▸ Task to carry out
Output the full listing below exactly as it reads, and skip anything that is a picture.

▸ The data
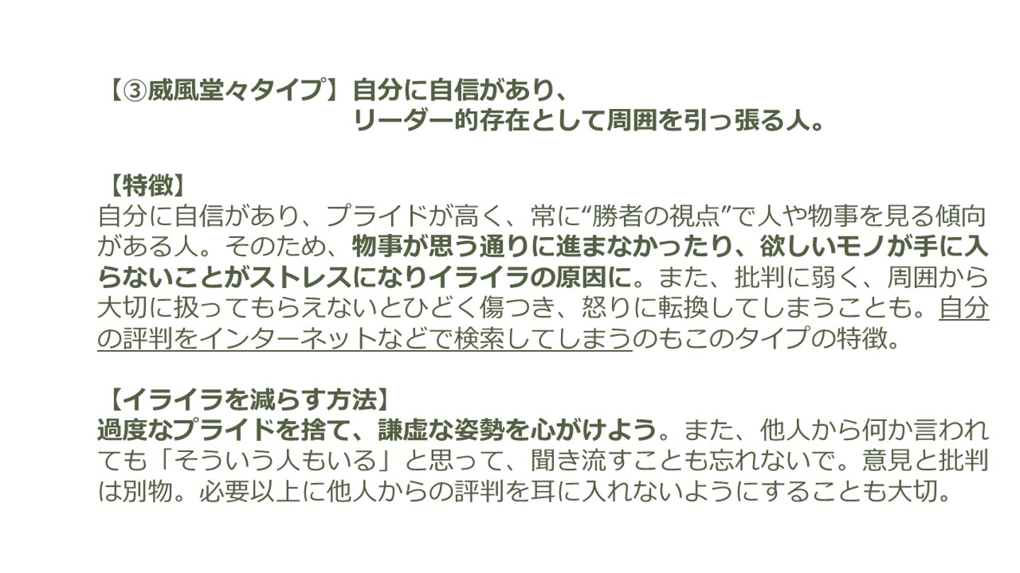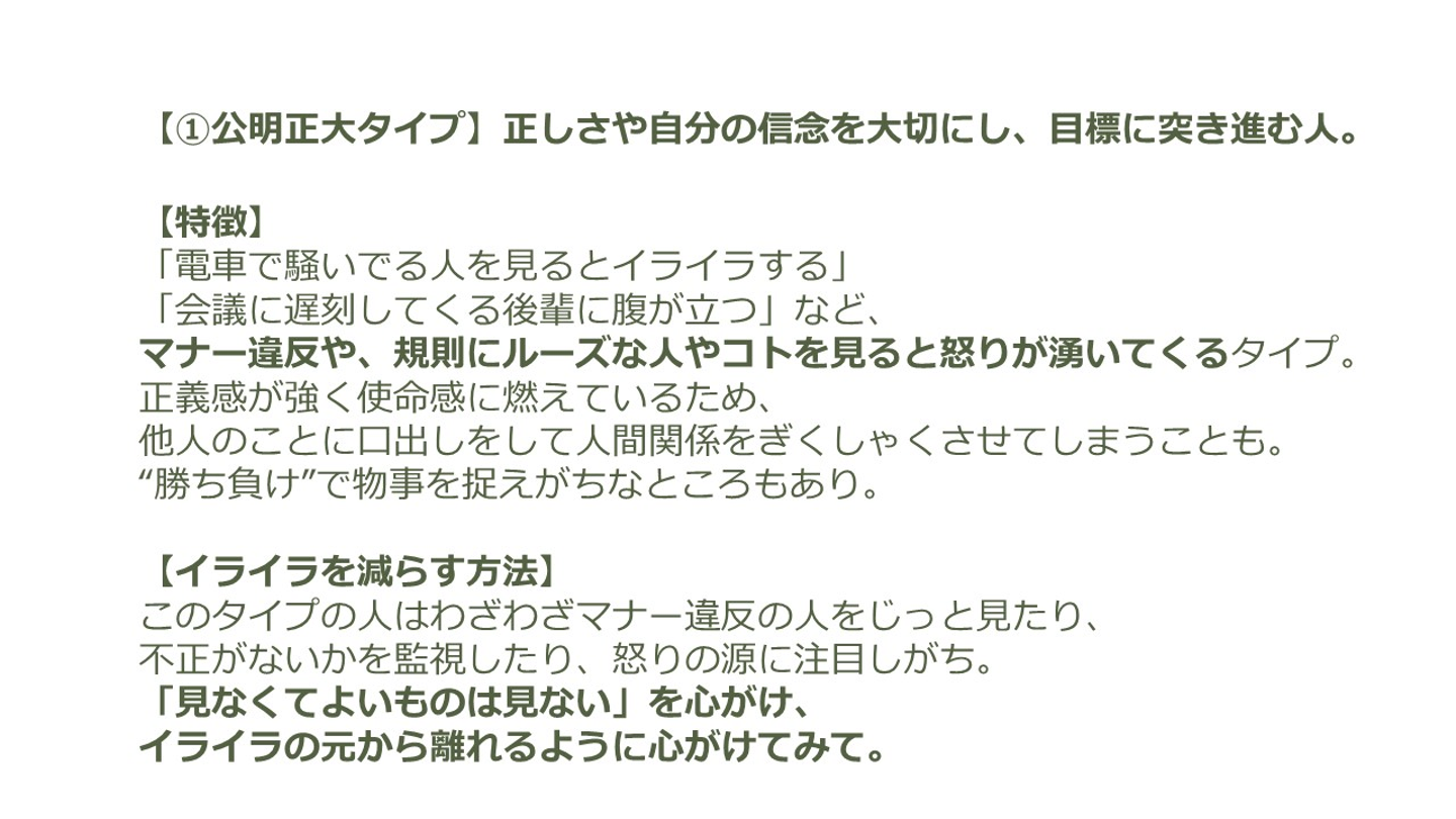 自分がどのタイプか知り、イライラ対策もわかりこの場は大盛り上がりでした!
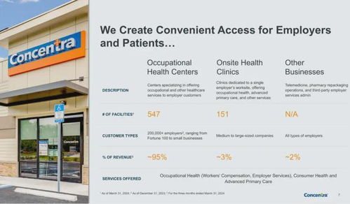 据介绍,Concentra在美国41个州经营着547个独立的职业健康中心,在37个州的雇主工作场所经营着151个现场健康诊所。
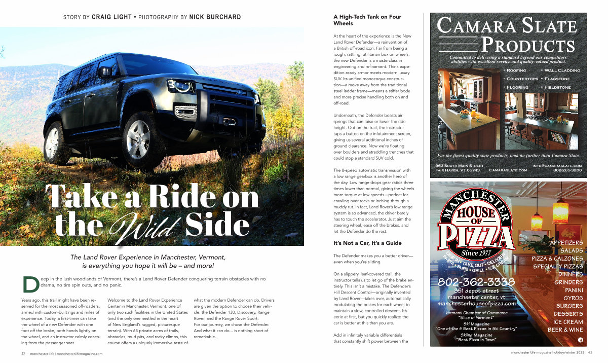 D eep in the lush woodlands of Vermont, there’ s a Land Rover Defender conquering terrain obstacles with no drama, no tire spin outs, and no panic.
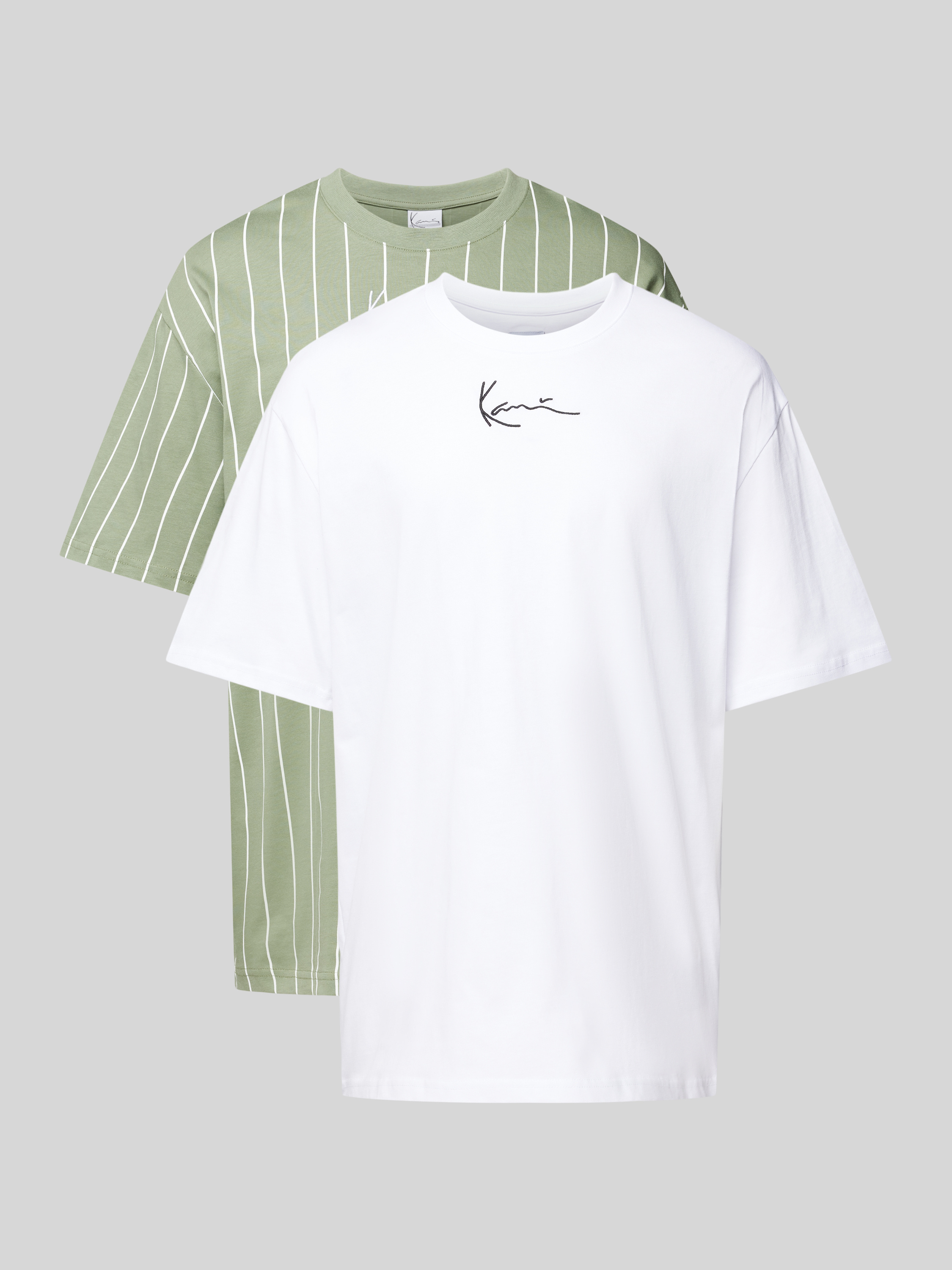 Das Herren T-Shirt von Karl Kani überzeugt durch seine reine Baumwolle, die für ein angenehmes Tragegefühl sorgt. Der gerade Schnitt und der klassische Rundhalsausschnitt machen es vielseitig kombinierbar. Im praktischen 2er-Pack bietet es eine stilvolle Option für den Alltag.

▸ Answer section
 自分がどのタイプか知り、イライラ対策もわかりこの場は大盛り上がりでした!
 据介绍,Concentra在美国41个州经营着547个独立的职业健康中心,在37个州的雇主工作场所经营着151个现场健康诊所。
 D eep in the lush woodlands of Vermont, there’ s a Land Rover Defender conquering terrain obstacles with no drama, no tire spin outs, and no panic.
 Das Herren T-Shirt von Karl Kani überzeugt durch seine reine Baumwolle, die für ein angenehmes Tragegefühl sorgt. Der gerade Schnitt und der klassische Rundhalsausschnitt machen es vielseitig kombinierbar. Im praktischen 2er-Pack bietet es eine stilvolle Option für den Alltag.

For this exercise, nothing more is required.